2. Buyer’s Representations and Warranties. The Buyer represents and warrants to the Company as of the Closing Date that:
a. Investment Purpose. As of the Closing Date, the Buyer is purchasing the Note, the Warrant, the shares of Common Stock issuable upon conversion of or otherwise pursuant to the Note and such additional shares of Common Stock, if any, as are issuable on account of interest on the Note pursuant to this Agreement and/or upon exercise of the Warrant, such shares of Common Stock being collectively referred to herein as the “Conversion Shares” and, together, the Note, Warrant and Conversion Shares are referred to herein as the “Securities”) for its own account and not with a present view towards the public sale or distribution thereof, except pursuant to sales registered or exempted from registration under the 1933 Act, including pursuant to Regulation A thereunder; provided, however, that by making the representations herein, the Buyer does not agree to hold any of the Securities for any minimum or other specific term and reserves the right to dispose of the Securities at any time in accordance with or pursuant to a registration statement or an exemption under the 1933 Act.

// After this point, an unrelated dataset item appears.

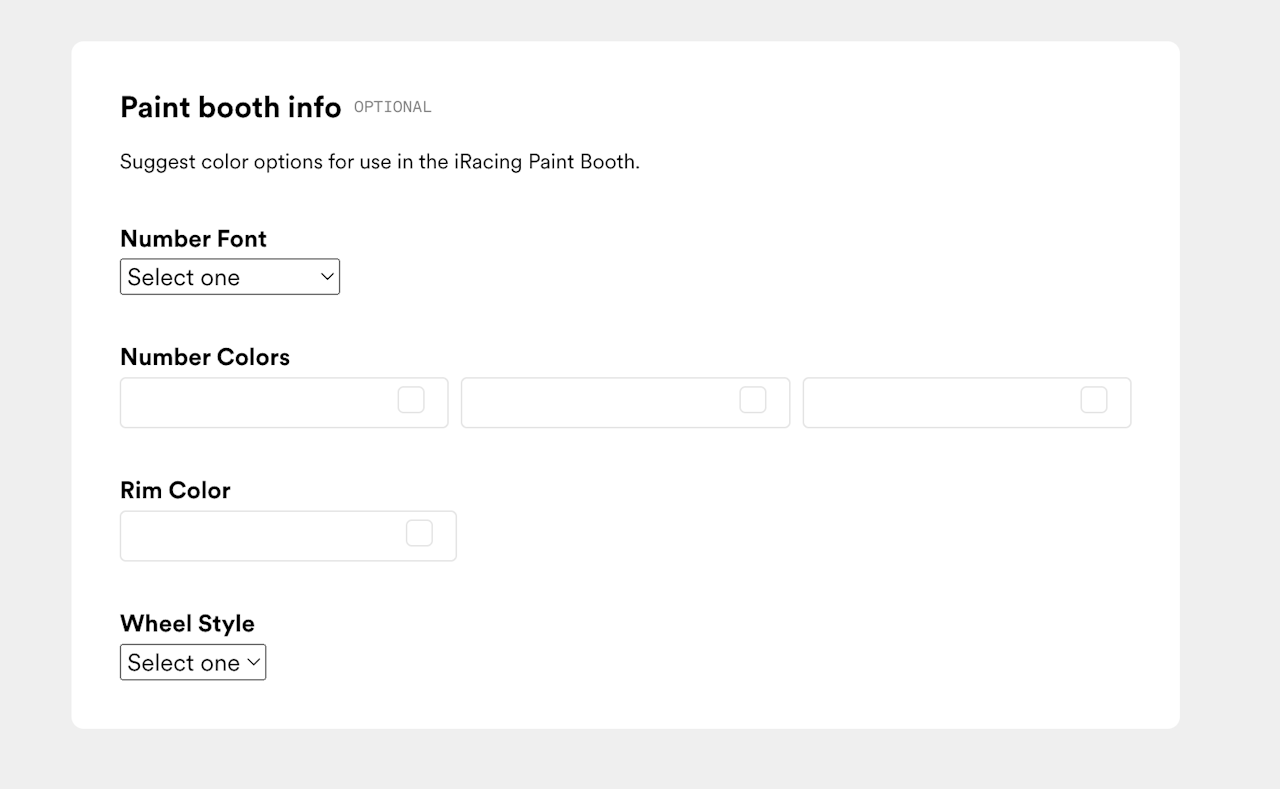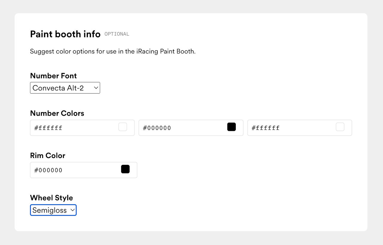 If you have specific number fonts, hex color codes, or wheel/rim styles for your paint that you’d like to note for other drivers racing your paint, you can define them in the paint booth info section. This is entirely optional.

b. Accredited Investor Status. The Buyer is an “accredited investor” as that term is defined in Rule 501(a) of Regulation D (an “Accredited Investor”).

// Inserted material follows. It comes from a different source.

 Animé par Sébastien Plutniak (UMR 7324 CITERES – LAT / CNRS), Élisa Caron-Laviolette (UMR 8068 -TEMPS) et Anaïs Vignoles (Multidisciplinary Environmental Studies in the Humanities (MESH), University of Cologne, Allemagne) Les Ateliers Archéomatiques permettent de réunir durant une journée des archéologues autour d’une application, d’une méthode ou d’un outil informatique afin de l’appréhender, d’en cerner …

c. Reliance on Exemptions. The Buyer understands that the Securities are being offered and sold to it in reliance upon specific exemptions from the registration requirements of United States federal and state securities laws and that the Company is relying upon the truth and accuracy of, and the Buyer’s compliance with, the representations, warranties, agreements, acknowledgments and understandings of the Buyer set forth herein in order to determine the availability of such exemptions and the eligibility of the Buyer to acquire the Securities.

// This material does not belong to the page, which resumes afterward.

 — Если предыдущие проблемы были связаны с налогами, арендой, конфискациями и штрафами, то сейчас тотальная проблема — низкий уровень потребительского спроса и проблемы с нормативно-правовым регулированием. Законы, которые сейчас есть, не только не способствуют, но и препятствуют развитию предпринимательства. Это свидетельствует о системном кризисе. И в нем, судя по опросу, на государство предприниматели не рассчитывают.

d. Information. The Buyer and its advisors, if any, have been, and for so long as the Note remains outstanding will continue to be, furnished with all materials relating to the business, finances and operations of the Company and materials relating to the offer and sale of the Securities which have been requested by the Buyer or its advisors. The Buyer and its advisors, if any, have been, and for so long as the Note remains outstanding will continue to be, afforded the opportunity to ask questions of the Company regarding its business and affairs. Notwithstanding the foregoing, the Company has not disclosed to the Buyer any material nonpublic information regarding the Company or otherwise and will not disclose such information unless such information is disclosed to the public prior to or promptly following such disclosure to the Buyer. Neither such inquiries nor any other due diligence investigation conducted by Buyer or any of its advisors or representatives shall modify, amend or affect Buyer’s right to rely on the Company’s representations and warranties contained in Section 3 below.
e. Governmental Review. The Buyer understands that no United States federal or state agency or any other government or governmental agency has passed upon or made any recommendation or endorsement of the Securities.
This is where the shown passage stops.